I 1000 Film da Vedere Prima di Morire

Spettacolo di varietà

1953

Vota questo film

Media: 4.33 / 5

(3 voti)

Un treno sferraglia nella notte, fendendo una provincia italiana che non è più il paesaggio martoriato del Neorealismo puro, ma non ancora la fantasmagoria onirica del boom economico. Dentro quel vagone di terza classe, santuario mobile di speranze a buon mercato e disillusioni stantie, dorme un'umanità raccolta in se stessa: la compagnia di avanspettacolo "I Vagabondi delle Stelle". È un'immagine inaugurale che è già una dichiarazione di poetica, un microcosmo che contiene l'intero universo di Spettacolo di varietà. Il film, ufficialmente un'opera a quattro mani tra il solido e strutturato Alberto Lattuada e un esordiente di nome Federico Fellini, è in realtà il punto di collisione tra due sguardi, il terreno di una fertile battaglia estetica da cui germoglierà uno dei più grandi immaginari del Novecento.

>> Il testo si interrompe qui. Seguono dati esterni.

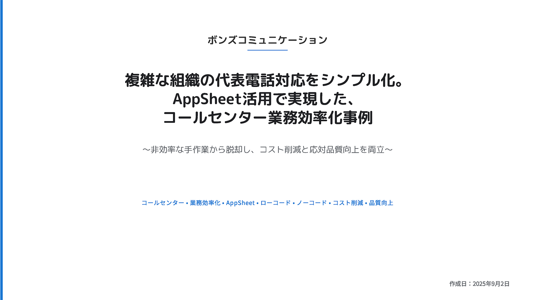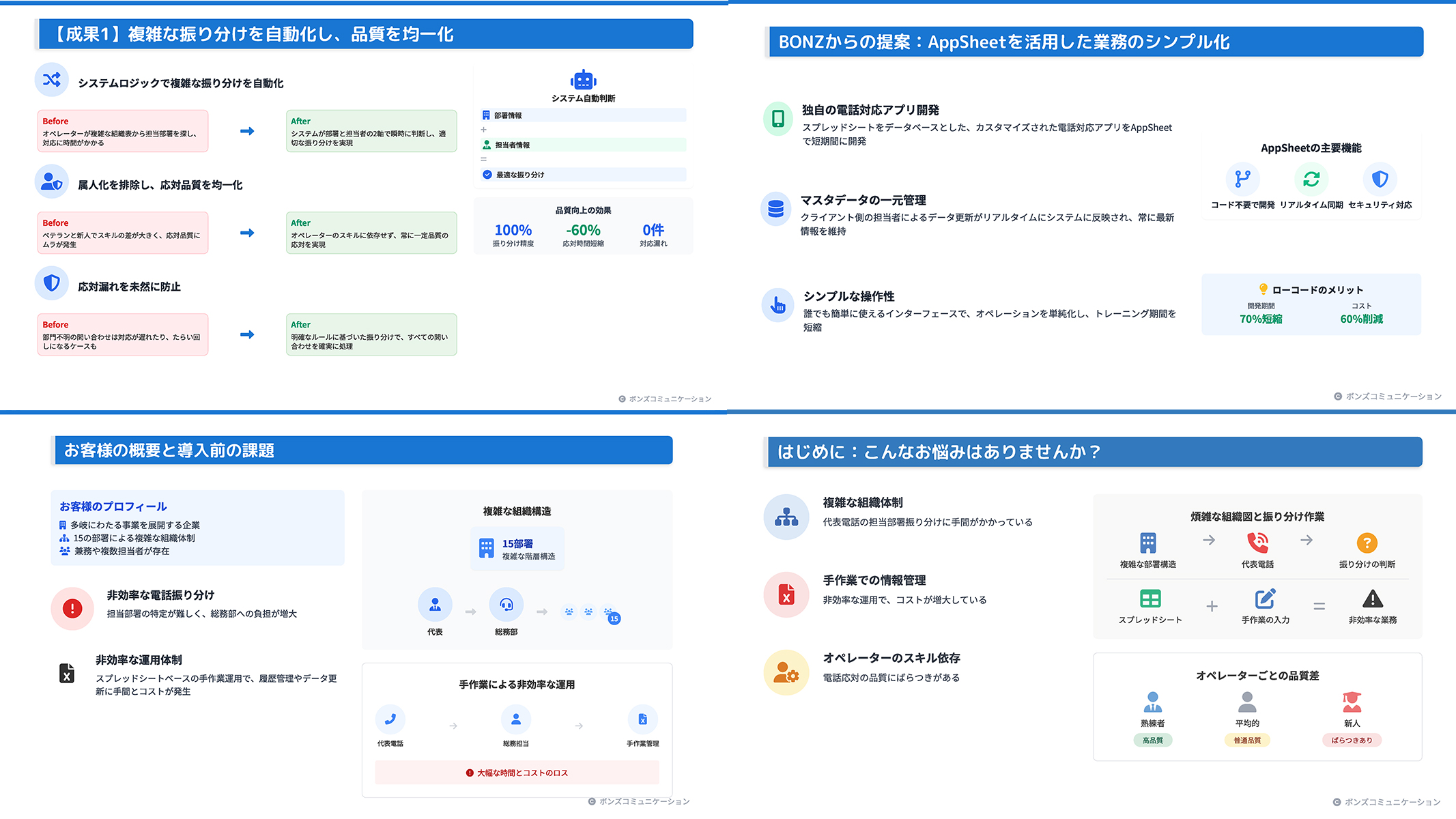 この資料は、複雑な組織の代表電話対応を効率化した事例を紹介しています。
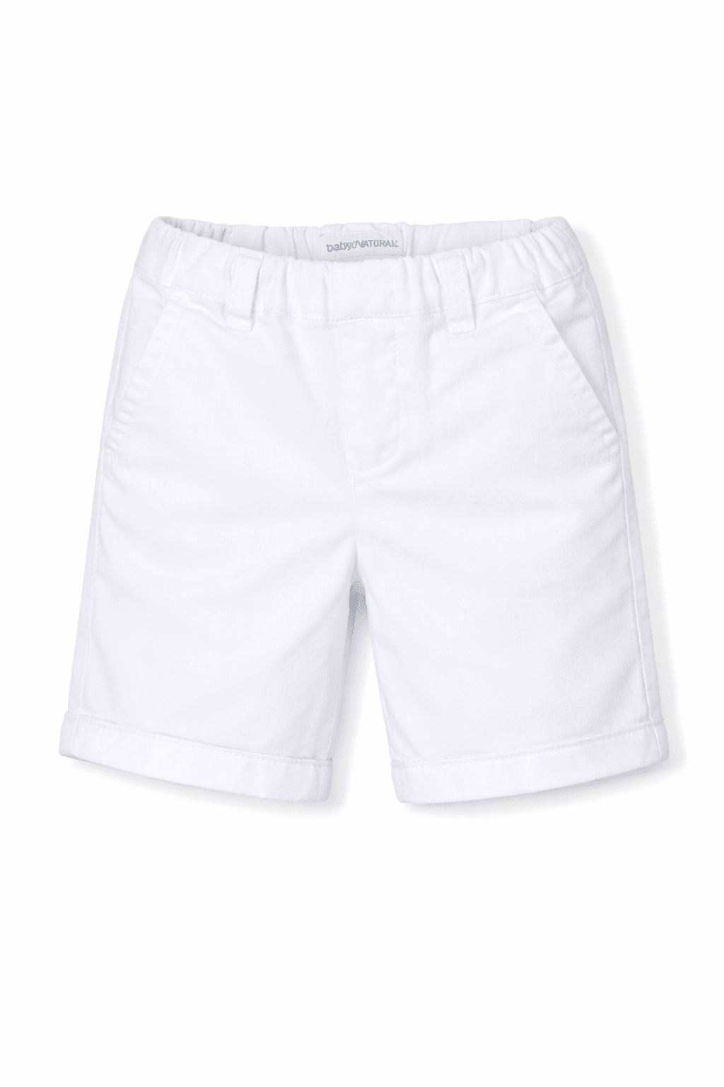 The Emporio Armani Kids white baby shorts with logo plaque are available on the RubinoKids.com online store. Made from 97% cotton and 3% elastane, they are white, a cotton blend, with a logo plaque, belt loops, an elasticated waistband at the back, a straight fit, two side pockets, two back welt pockets, a straight hem, and a knee-length design. Available in various sizes, they are part of the Emporio Armani Kids Spring/Summer 2026 collection and are available for delivery in Italy within 24-48 hours.
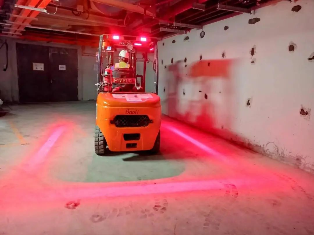 在日常施工作业中,叉车的用途较广,但很多时候因为叉车驾驶过快、驾驶员视线有限或工作区域狭小等原因,极易造成人员受伤。尊龙凯时人生就是搏城建国际创新在叉车上安装区域警示灯,使叉车在作业行使时四周地面出现红色警示区,从而使周边人员自动保持在该警示区域外,降低事故发生概率。
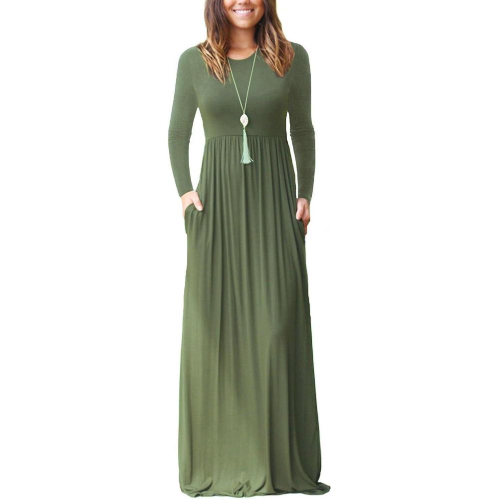 GRECERELLE Women Long Sleeve Casual Round Neck Loose Solid Floral Maxi Long Dress with Pockets, S-3XL(Army Green)
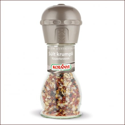 "A Kotányi Sült krumpli fűszermalommal nemcsak a sült krumplit fűszerezhetjük, hanem a tepsis burgonyát és más burgonyás ételt is. A termék gluténtartalmú gabonaféléket, tojást, tejet (laktóz), zellert, szóját, mustárt és szezámmagot is felhasználó gyártóüzemben készült. Száraz helyen tartandó. Összetevők: jódozott tengeri só (tengeri só, kálium-jodát), paprika, fokhagyma, görögszéna, vöröshagyma, bors. Tápértéktartalom
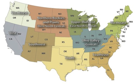 The National Centers for Environmental Information (NCEI) organizes the US into 9 climatic zones
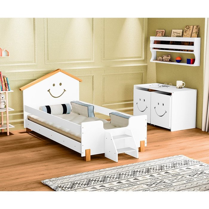 Cama possui design Montessoriano, onde a cama fica na altura da criança, garantindo maior autonomia e auxiliando também em seu desenvolvimento. Além disso, é feita em MDF acompanhada de grades de proteção, escadinha e cabeceira em forma de casinha.
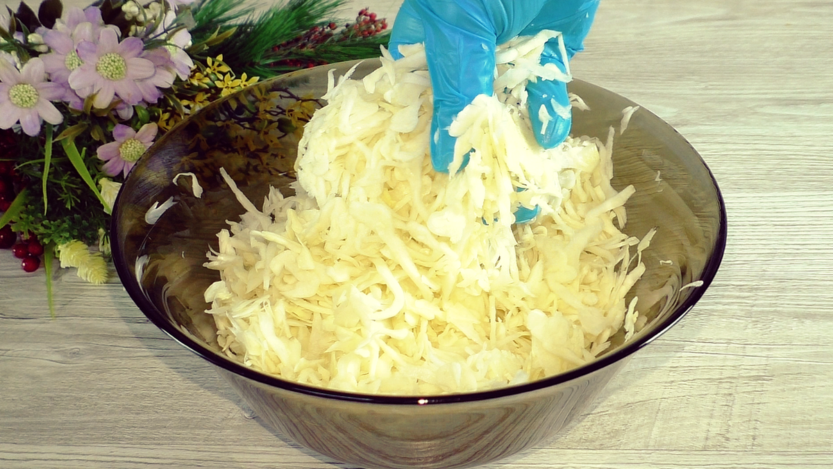 Первый шаг: нашинковать капусту, посолить и тщательно помять, после чего отложить в сторону. Далее в глубокой миске взбить яйца с сахаром; в этом этапе соль не добавляется, так как она уже присутствует в капусте. Для усиления аромата можно внести 0,5 ч. л. прованских трав.
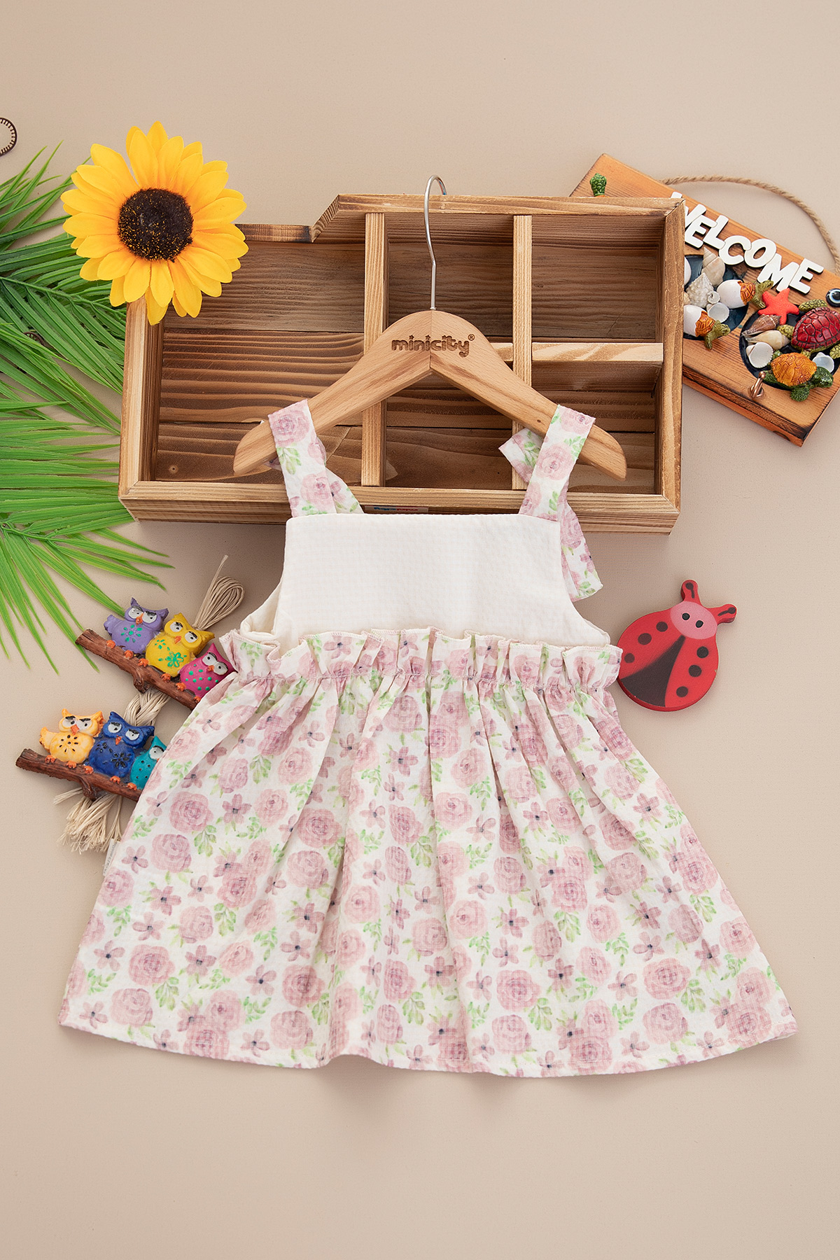 Kız Bebek Gül Efektli Askılı Elbise - 3161 (9-24 Ay)
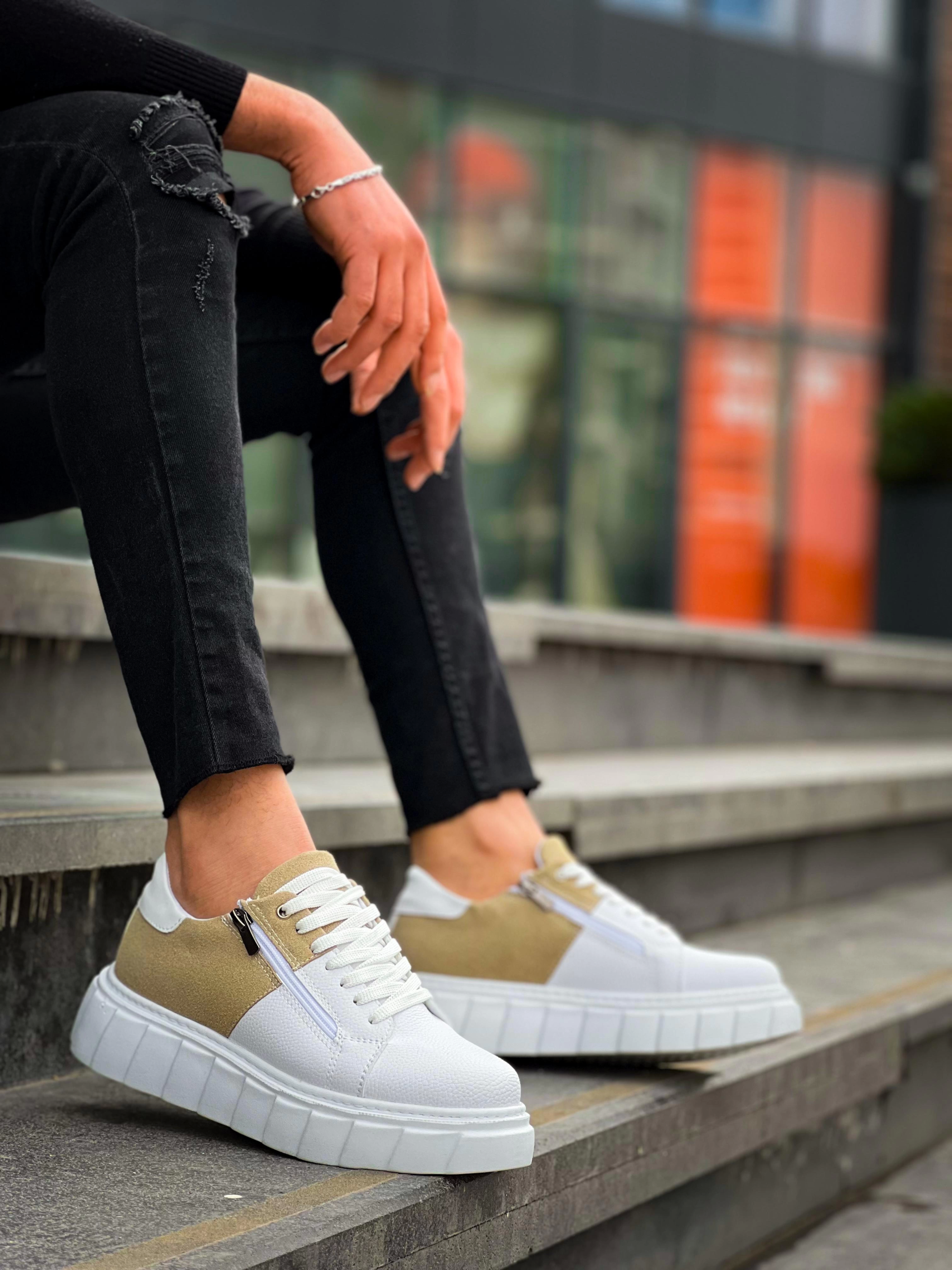 KB-X155 Kuback Beyaz Cilt Bej Süet Detaylı Beyaz Yüksek Taban Günlük Spor Ayakkabı
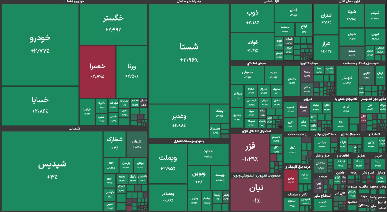 بیشترین اثر مثبت بر دماسنج بازار سهام در روز جاری به نام نمادهای معاملاتی فارس، فملی و فولاد شد، و نمادهای معاملاتی شیران، حتاید و ونیرو بیشترین اثرگذار منفی را بر این نماگر از خود بهجای گذاشتند.
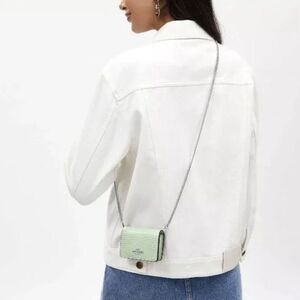 Coach Green Mini Wallet On A Chain Soft Leather NWT $198
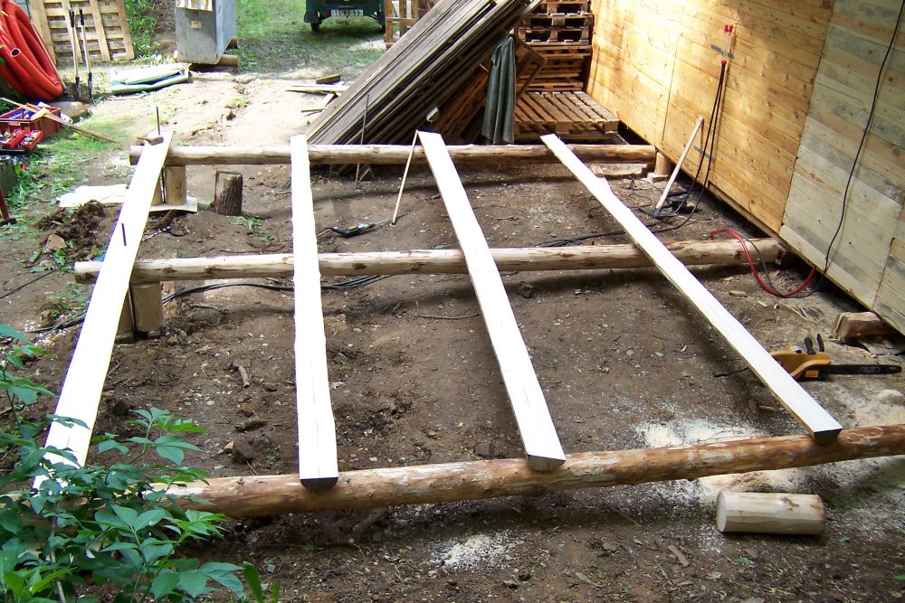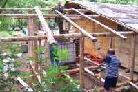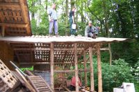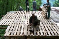 ... přiřízneme palety na střechu a přibijeme je tam. Na palety dáme krytinu a bude to ...

Guardare Spettacolo di varietà oggi significa assistere a una sorta di Big Bang cinematografico in scala ridotta. Si percepisce la gravità narrativa di Lattuada, il suo occhio attento alla costruzione del racconto, al realismo psicologico dei personaggi. Ma sotto questa crosta, preme e ribolle l'energia anarchica, grottesca e compassionevole di Fellini. Ogni caratterista, ogni volto segnato che popola la compagnia di Checco Dal Monte (un Peppino De Filippo magistrale, patetico e guascone) è già una creatura del circo felliniano. Sono i parenti poveri, i prototipi sbiaditi di Zampanò, del Matto, di Cabiria. Esistono in una dimensione crepuscolare, sospesi tra la miseria materiale e una fame ontologica di applausi, di riconoscimento, di un'esistenza che sia qualcosa di più di una semplice sopravvivenza.

La dialettica del film è squisitamente pirandelliana. Il palco non è una via di fuga dalla vita, ma la sua continuazione con mezzi più vistosi e disperati. Checco Dal Monte non è semplicemente un capocomico; è un personaggio in cerca di un ruolo migliore, quello dell'impresario di successo, del talent scout infallibile, dell'amante irresistibile. Si costruisce una maschera di cialtroneria e boria per nascondere il terrore del fallimento e della vecchiaia. Quando la giovane e ambiziosa Liliana (una Carla Del Poggio che incarna la spietata innocenza del desiderio) entra nella sua orbita, non fa che offrirgli un nuovo copione da recitare, più seducente e pericoloso. La loro relazione è un duetto tragico tra chi crede ancora di poter scrivere la propria parte e chi è disposta a tutto pur di strappare quella di qualcun altro.

È impossibile non leggere l'opera in controluce rispetto al coevo cinema americano. Se a Hollywood il musical "backstage" come 42nd Street era la celebrazione del sogno americano, la macchina spettacolare dove il talento e il duro lavoro portavano inevitabilmente al trionfo sotto le luci della ribalta, Spettacolo di varietà ne è l'antitesi malinconica e profondamente europea. Qui, lo spettacolo è sgangherato, le luci sono fioche, i teatri sono gelidi e il successo è un miraggio che, quando si materializza per Liliana, assume i contorni cinici di un compromesso. Il sogno non è una scalata verso il cielo, ma una fuga orizzontale, da una provincia all'altra, in un eterno ritorno su un treno che sembra correre su un binario circolare.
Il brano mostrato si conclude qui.